New York-based TollBit plans to act as an intermediary that connects publishers and platforms with a content-licensing marketplace. It has secured $31 million from investors who see this as a potentially lucrative business.
TollBit’s analysis provides a clear case for why licensing deals are essential for publishers, given current online platform practices.
“These figures give an indication of the change in traffic levels publishers can expect if user queries move from conventional search to AI applications,” the report states. “They also starkly highlight the difference in the value for publishers when providing their content for use by AI applications versus conventional search. The return cannot be expected to come in the form of traffic from AI applications.”
Some publishers are already pursuing AI licensing deals individually and via other intermediaries like Dow Jones. I wonder if their work is still undervalued, especially if AI services will truly eliminate most search referrals to their websites and are weakening their industry’s leverage and ability to collectively secure fair compensation for both small and large organizations.

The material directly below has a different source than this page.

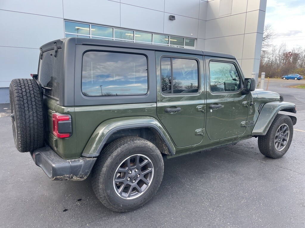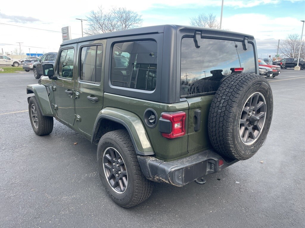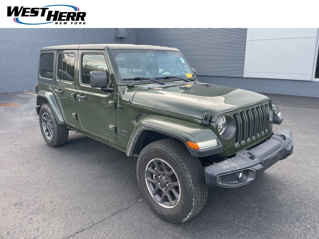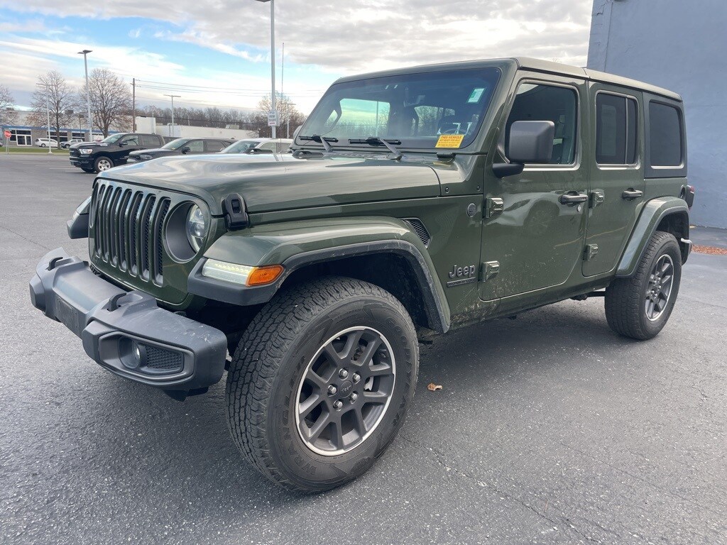 2021 Jeep Wrangler Sarge Green Clearcoat Clean CARFAX. 220 Amp Alternator, 4-Wheel Disc Brakes, 7.0" Touchscreen Display, 8.4" Radio & Premium Audio Group (DISC), ABS brakes, Air Conditioning w/Auto Temperature Control, Air Filtering, Alpine Premium Audio System, Annodized Gunmetal I/P Bezels, Apple CarPlay, Auto-Dimming Rear-View Mirror, Automatic Headlamps, Berber Floor Mats w/80th Anniversary Tag, Blind Spot & Cross Path Detection, Body Color Fender Flares, Body Color/Accent Color Grille, Cloth Bucket Seats w/80th Anniversary Tag (DISC), Cluster 7.0" TFT Color Display, Cold Weather Group, Convenience Group, Daytime Running Lamp System, Deep Tint Sunscreen Windows, Dual front impact airbags, Dual front side impact airbags, Emergency/Assistance Call, For More Info, Call 800-643-2112, Front 1-Touch Down Power Windows, Front LED Fog Lamps, Google Android Auto, GPS Antenna Input, Gray/Black Jeep Badges, Gray/Black Trail Rated Badge, Heated Front Seats, Heated Steering Wheel, Heavy Duty Suspension w/Gas Shocks, Injection Molded Black Rear Bumper, Integrated Center Stack Radio, Jeep 80th Anniversary Badges, Jeep 80th Anniversary Console Badge, Jeep 80th Swing Gate Plaque, Leather Wrapped Steering Wheel, LED Headlamp & Fog Lamp Group, LED Premium Reflector Headlamps, LED Taillamps, Light Tungsten Interior Accents, Mold In Color Bumper w/Neutral Gray, Occupant sensing airbag, ParkSense Rear Park Assist System, Power Heated Mirrors, Quick Order Package 25Q 80th Edition (DISC), Radio: Uconnect 4 w/7" Display, Remote Keyless Entry, Remote Proximity Keyless Entry, Safety Group, Security Alarm, Selectable Tire Fill Alert, SiriusXM Radio Service, SiriusXM Satellite Radio, Speed Sensitive Power Locks, Steering wheel mounted audio controls, Sun Visors w/Illuminated Vanity Mirrors, Tachometer, Technology Group (DISC), Trip computer, Universal Garage Door Opener, USB Host Flip, Wheels: 18" x 7.5" Granite Crystal Aluminum (DISC).

Additional TollBit findings contribute to the industry’s concerns. The report revealed significant increases in AI bots scraping websites, including a 6,768% increase in ChatGPT bots from the third to fourth quarters of 2024. Overall, scraping as a percentage of sites’ traffic more than doubled last quarter. OpenAI, the operator of ChatGPT, did not respond to a request for comment by deadline.
The report pointed out that websites are increasingly visited by AI bots rather than humans. Publishers are unable to monetize bot traffic because ads are not served to them and they don’t subscribe.
“For example, an AI agent may access five media websites in order to respond to a prompt that satisfies a user’s need without them needing to visit another online property,” the report said. “Prior to the advent of AI, this may have resulted in multiple (human) Google searches and visits to websites.” TollBit also found that AI crawlers frequently ignore publishers’ requests to stop scraping content. Publishers use the robot.txt instruction on websites to block crawlers; it’s the software equivalent of a stop sign. Yet the number of AI bots ignoring these stop signs grew more than 40% last quarter. Many are also hiding their identity; the number of “hidden scrapes” per website averaged 1.89 million in the quarter, TollBit found.
Perhaps tariffs on bots rather than newsprint are the answer.